I'd like an exact copy of only the lines from the start of the listing below through the line that holds "香河县运河景观绿化工程树木种植任务全部完成". Please keep the pictures out.

Input -

○ ○ ○ ○

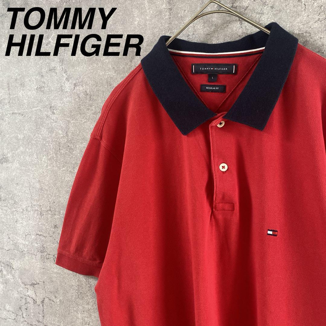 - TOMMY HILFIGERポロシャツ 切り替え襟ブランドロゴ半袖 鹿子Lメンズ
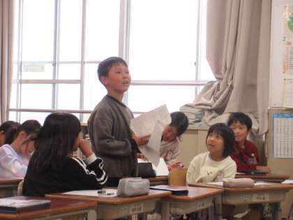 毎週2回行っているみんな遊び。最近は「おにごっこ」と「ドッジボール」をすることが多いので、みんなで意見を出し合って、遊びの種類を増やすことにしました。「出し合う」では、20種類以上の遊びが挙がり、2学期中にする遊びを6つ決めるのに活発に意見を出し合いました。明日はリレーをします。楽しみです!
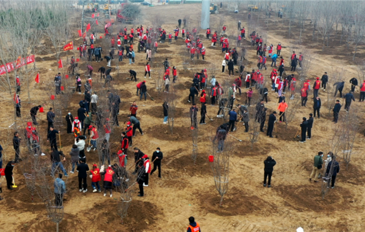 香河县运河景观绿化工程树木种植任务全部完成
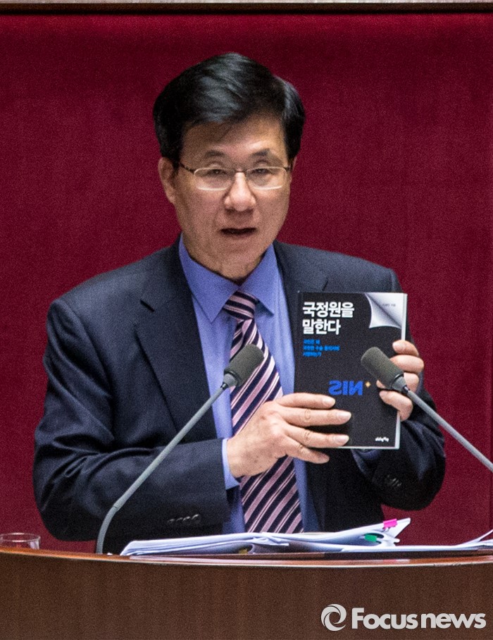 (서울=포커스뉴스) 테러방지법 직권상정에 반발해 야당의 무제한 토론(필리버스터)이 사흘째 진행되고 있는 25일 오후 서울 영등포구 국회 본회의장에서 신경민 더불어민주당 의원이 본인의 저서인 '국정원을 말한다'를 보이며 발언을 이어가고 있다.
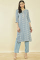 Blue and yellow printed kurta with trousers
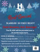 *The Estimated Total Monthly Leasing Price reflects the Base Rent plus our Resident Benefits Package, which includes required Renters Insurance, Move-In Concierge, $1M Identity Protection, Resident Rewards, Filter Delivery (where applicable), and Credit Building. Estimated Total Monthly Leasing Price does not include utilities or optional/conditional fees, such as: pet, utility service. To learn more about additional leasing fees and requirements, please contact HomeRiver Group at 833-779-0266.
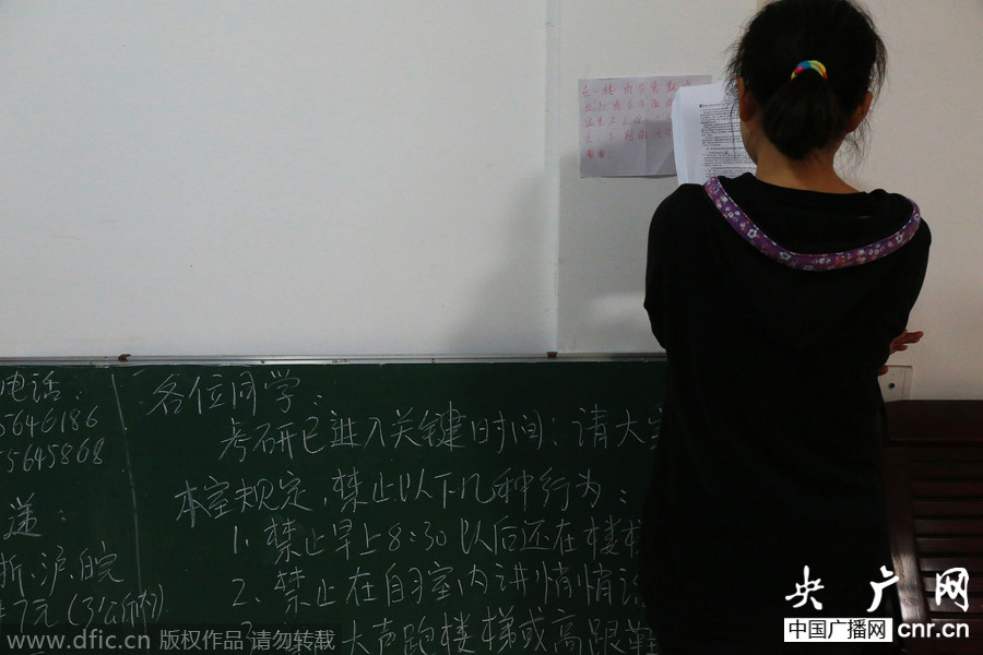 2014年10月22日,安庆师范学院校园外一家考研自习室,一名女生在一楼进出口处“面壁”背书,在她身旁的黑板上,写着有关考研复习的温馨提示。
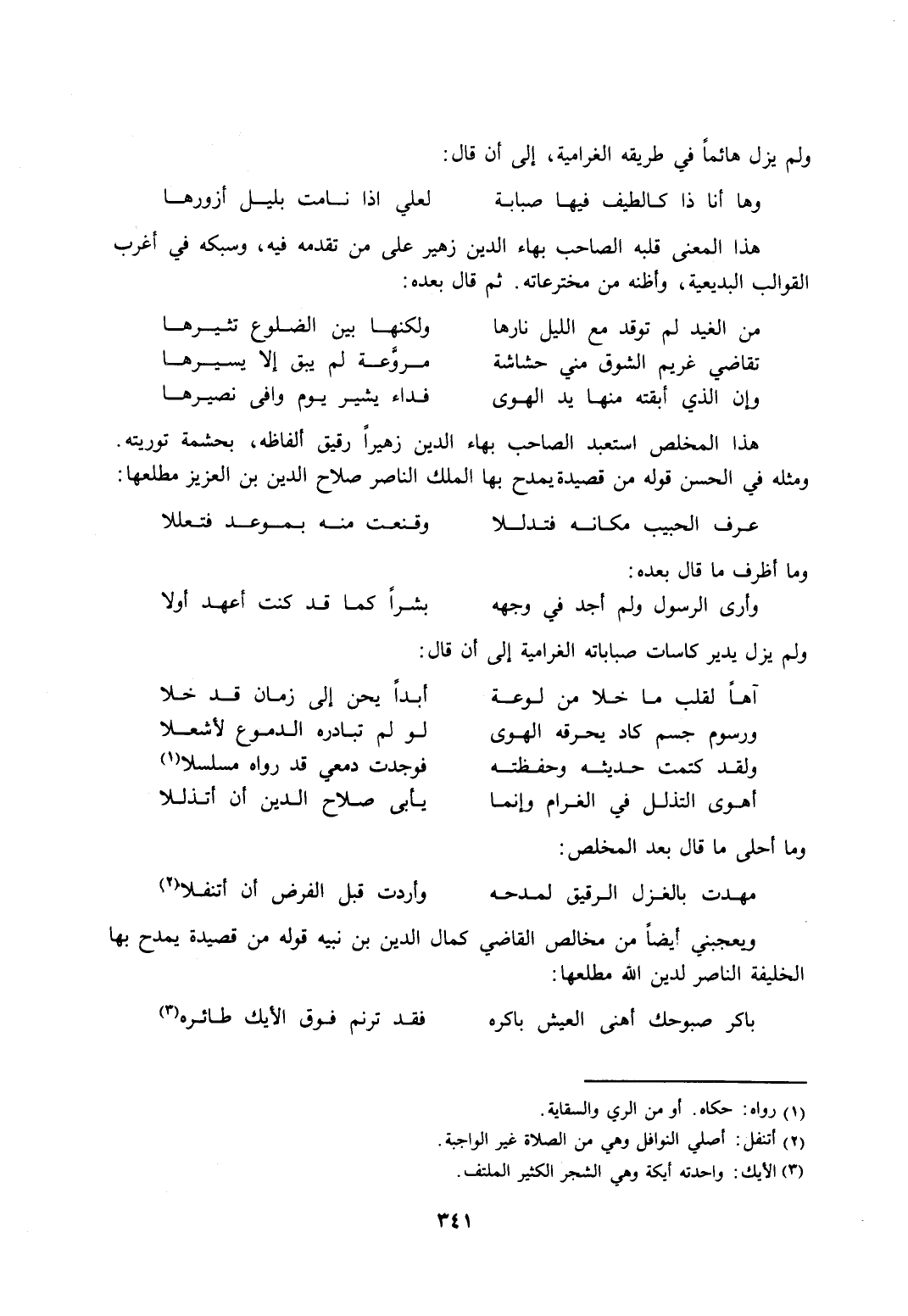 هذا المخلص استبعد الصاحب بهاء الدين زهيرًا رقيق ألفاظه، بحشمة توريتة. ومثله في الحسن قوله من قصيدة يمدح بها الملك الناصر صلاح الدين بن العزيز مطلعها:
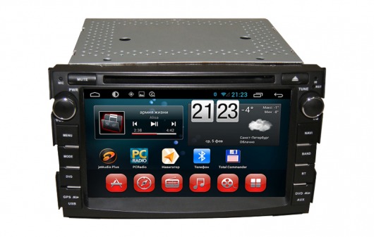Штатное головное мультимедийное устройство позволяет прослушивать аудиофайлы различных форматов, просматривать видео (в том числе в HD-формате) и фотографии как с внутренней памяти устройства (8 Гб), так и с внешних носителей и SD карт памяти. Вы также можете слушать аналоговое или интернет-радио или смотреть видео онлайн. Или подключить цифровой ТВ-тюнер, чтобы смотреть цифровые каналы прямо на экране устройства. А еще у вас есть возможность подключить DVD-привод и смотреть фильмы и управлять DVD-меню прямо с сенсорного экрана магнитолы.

○ ○ ○ ○

Response area -
 - TOMMY HILFIGERポロシャツ 切り替え襟ブランドロゴ半袖 鹿子Lメンズ
 毎週2回行っているみんな遊び。最近は「おにごっこ」と「ドッジボール」をすることが多いので、みんなで意見を出し合って、遊びの種類を増やすことにしました。「出し合う」では、20種類以上の遊びが挙がり、2学期中にする遊びを6つ決めるのに活発に意見を出し合いました。明日はリレーをします。楽しみです!
 香河县运河景观绿化工程树木种植任务全部完成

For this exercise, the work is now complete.